De conclusie is dat [appellanten] niet voldoende duidelijke, eenduidige feiten en omstandigheden heeft gesteld ter onderbouwing van de stelling dat sprake is van een duurzame gemeenschappelijke huishouding. [appellanten] kan daarom niet worden toegelaten tot het bewijs van zijn stellingen.
3.7.
Voorts wordt het volgende overwogen. Indien zou worden uitgegaan van de ter gelegenheid van het pleidooi gegeven toelichting, geldt dat niet (voldoende duidelijk) is gesteld dat de gezamenlijke huishouding – nog daargelaten of die er is was en is – duurzaam is in de zin van art. 7:267 lid 1 BW. [appellanten] erkent dat aanvankelijke geen sprake was van een duurzame gemeenschappelijke huishouding, aangezien hij (randnummer 14 van de pleitnota) stelt dat [appellant sub 2] in eerste instantie bij zijn moeder is ingetrokken omdat [appellant sub 2] niet over een vaste woon- of verblijfplaats beschikte (dan wel omdat zijn relatie was geëindigd). [appellanten] stelt dat [appellante sub 1] in het begin voor [appellant sub 2] zorgde en dat later een taakverdeling is ontstaan en een ‘samenwoningsverband’ is gegroeid. In 2011 had dit vijf jaar geduurd. [appellanten] heeft echter nagelaten toe te lichten en nader te stellen wat die door hem bedoelde ontwikkeling inhield. Uit de genoemde termijn van vijf jaar zou kunnen worden afgeleid dat de gestelde duurzame gemeenschappelijke huishouding zeer kort na de samenwoning is ontstaan, maar ook dat is – ten onrechte – niet toegelicht noch onderbouwd. Hierbij wijst het hof erop dat [appellant sub 2] ter gelegenheid van het pleidooi heeft verklaard dat zijn moeder een ongeluk had gehad toen hij bij haar introk en dat zij na een jaar weer alles kon. Van hulpbehoevendheid was daarna, zo begrijpt het hof, nog geen sprake.
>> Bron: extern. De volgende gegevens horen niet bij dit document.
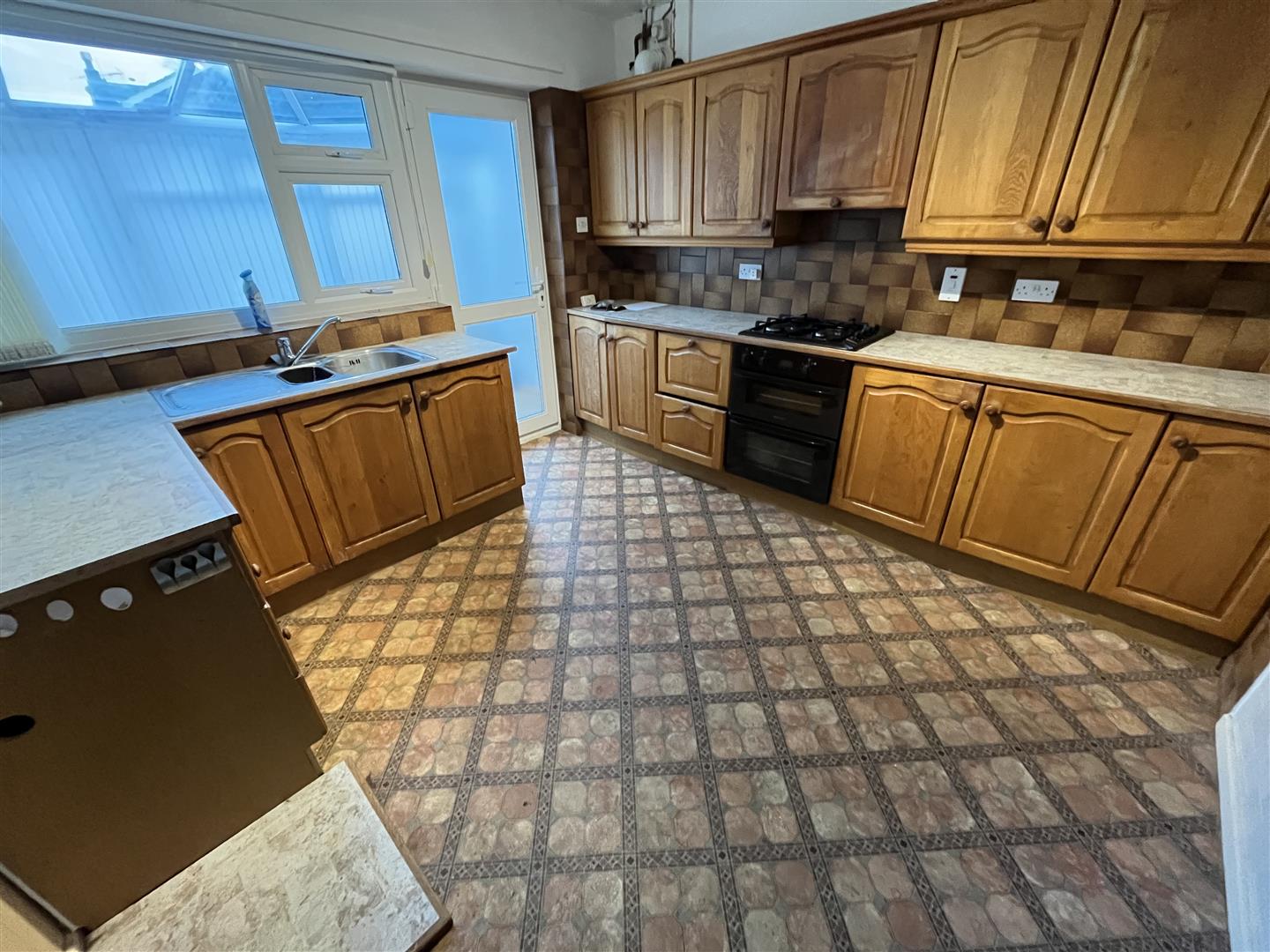 Kitchen - 3.4 x 3.3 (11'1" x 10'9") - Range of oak style base cupboards and drawers, work top surfaces, wall units, double glazed window and back door, 4 ring gas hob unit, built in oven cooker extractor hood, gas central heating boiler, central heating radiator, stainless steel sink unit

Het voorgaande is te meer van belang, omdat [appellant sub 2] in zijn positie en rol van mantelzorger (brief van 2 oktober 2011) zonder nader toelichting, die (ook) ontbreekt, niet als een duurzaam ‘samenwoner’ kan worden betiteld.
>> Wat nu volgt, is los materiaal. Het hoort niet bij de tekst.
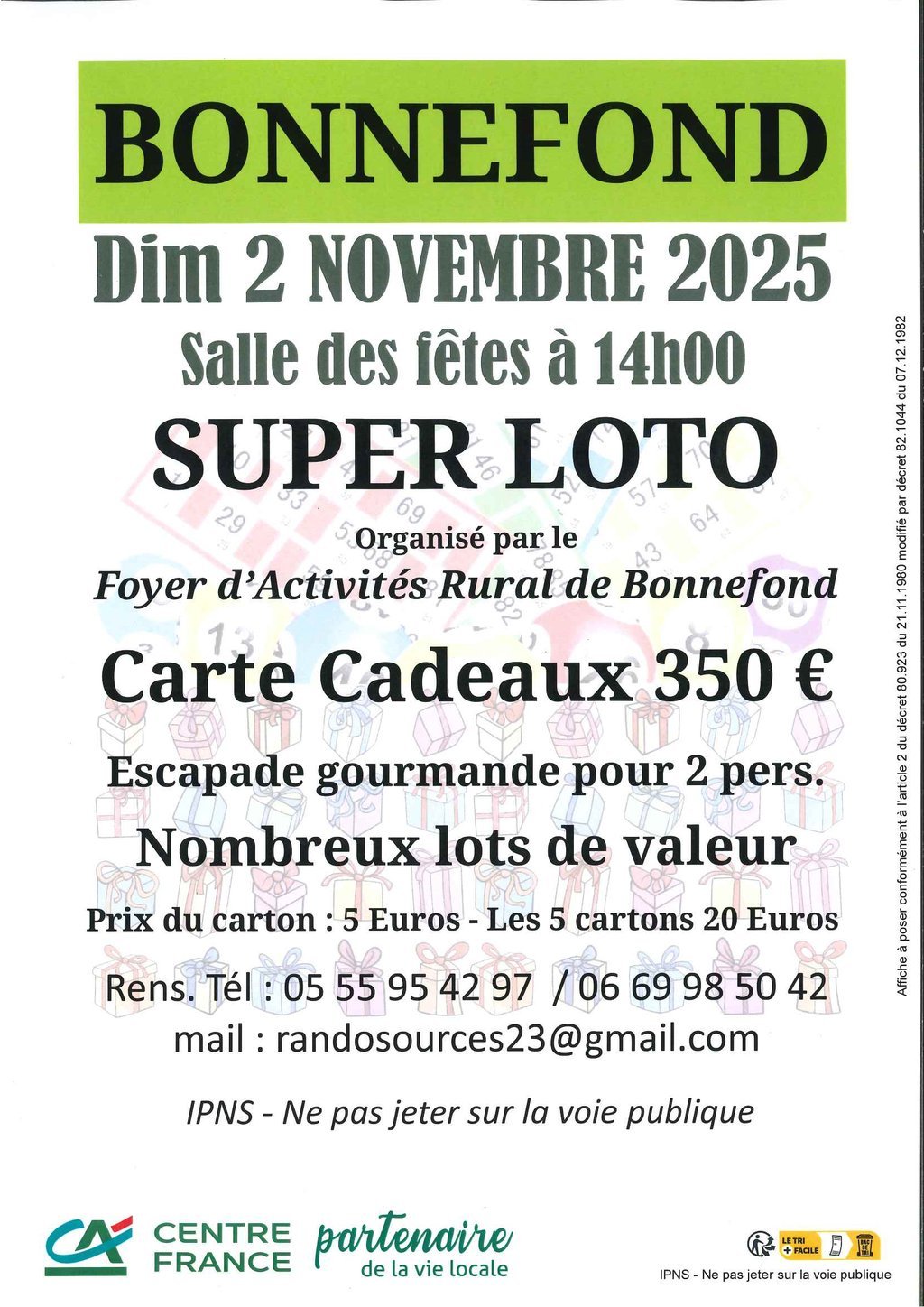 Venez jouer au Super Loto organisé par le Foyer d'Activités Rural de Bonnefond, à gagner bon d'achat de 200€, escapade gourmande pour 2 personnes, et beaucoup d'autres lots de valeur.

Ten slotte blijkt uit de brief van 2 oktober 2011 niet dat sprake was van een duurzame samenwoning in de zin dat er een op de toekomst gerichte verwachting was ten aanzien van de (gestelde) gemeenschappelijke huishouding. [appellant sub 2] schrijft daarin immers dat hij ‘nu’ in de woning wil blijven, terwijl [appellant sub 2] op dat moment mantelzorger van zijn toen 87 jaar oude moeder was. De strekking van deze brief is bovendien dat [appellant sub 2] , gegeven zijn inspanningen en uitgaven voor het opknappen van de woning, graag daarin wil blijven wonen, ook als zijn moeder zou komen te overlijden.
3.8.
Voor het aannemen van een gemeenschappelijke huishouding is voorts van belang dat er in zekere mate sprake is van een financiële verstrengeling. Daarover heeft [appellanten] gesteld dat de vaste lasten (kosten van gas, elektriciteit, water en huur) door [appellante sub 1] werden en worden betaald en dat [appellant sub 2] daartegenover de overige kosten zoals boodschappen, kleding en kosten voor vervanging van apparatuur (zoals kosten van de vervanging van de Cv-ketel) betaalde en betaalt. Daarnaast betaalt [appellant sub 2] de (premie voor de) levensverzekering van [appellante sub 1] . Er is, aldus [appellanten] , sprake van een verdeling van de kosten.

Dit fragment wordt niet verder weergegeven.